I've been using solarwinds for a while now but have never really needed to mess with the database, our NPM is getting slower & slower so I asked our SQL guy to have a look at the database and he has said.
"'Your database is actually only 2.5 Gb. The files are bigger but are half empty. There are only a few tables of any significant size but it would appear that no index rebuilds are being done as they are very badly fragmented which can kill performance. I need to implement index rebuilds before I can go much further because although it may not completely cure the problem, if it isn't done we won't be able to see the wood for the trees. I will also need to know when the best time is to run the job (sometime at night?), which will be a scheduled task run weekly.
The other thing which jumped out immediately was one large table ("NPM_ScheduledJobJournal" with 1.7 million rows) with no indexes at all. I would like to add at least a clustering index to this. Would that be OK? Other than that the database looks fairly well structured."

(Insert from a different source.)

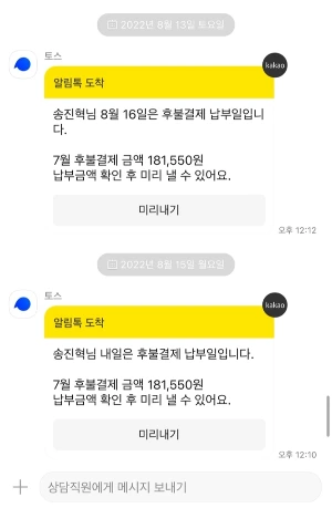 현재 토스는 결제일이라는 명목으로 내게 추심 문자를 보내고 있다. ㅎㅎ 불안한가 토스..? 상환 의사는 있지만, 토스는 이런 경험을 어떻게 설계하고 있을지 기대가 된다. 어떻게 고객 경험을 설계해야 할지 다음 글에서 이러한 경험을 겪어 본 후에 더 설명해보고자 한다.
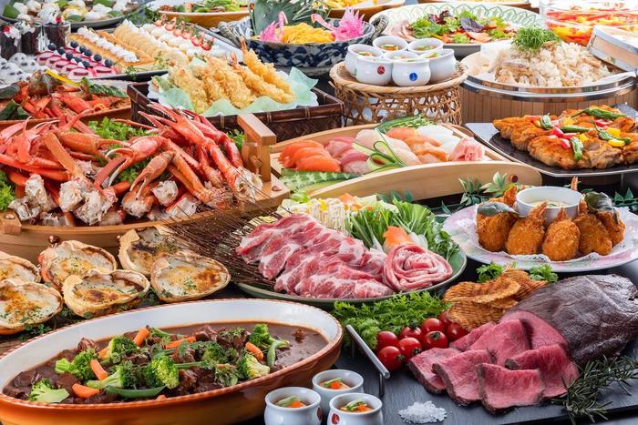 ブルーリッジホテルが自信を持ってお届けする「ごちそうバイキング」。 お子様からご年配の方までご賞味いただける、バラエティー豊かなメニューが盛り沢山です。 (※料理写真はイメージです。変更になる場合があります。)

and after I asked him if doing this would effect the 24\7 running of the application he said
"When the index rebuild runs it will lock each table in turn as it is rebuilt. We usually schedule rebuilds at a time when there is little server activity, but if you're running 24x7 that won't be possible. What should happen is that any updates from the application will queue while the table is locked, but with the size of some of the tables in this database (there are two with over 6 million rows which actually comprise the majority of the database) each one could take a couple of minutes. If the application tries to update that table while it is being rebuilt, whether it will succeed or fail depends on how long a time-out period the application has set. The default is 5 minutes and if that is what it uses then we shouldn't see any issues, but it is entirely under the control of the application and if it has set a much shorter time out then we will see errors. There isn't really any way round this with the edition of SQL Server you are using (SQL Server 2005 Enterprise Edition can do on-line index rebuilds, but it comes at a cost).
I wonder if it is worth you running this by the application vendor, as I'm sure they must come across this issue often if their software is designed for 24x7 operation."
Sorry if this turned out to be a rather long post but has anyone here had similar problems and do we know the timeout for the application when the tables are locked?
thanks for bothering to read this one!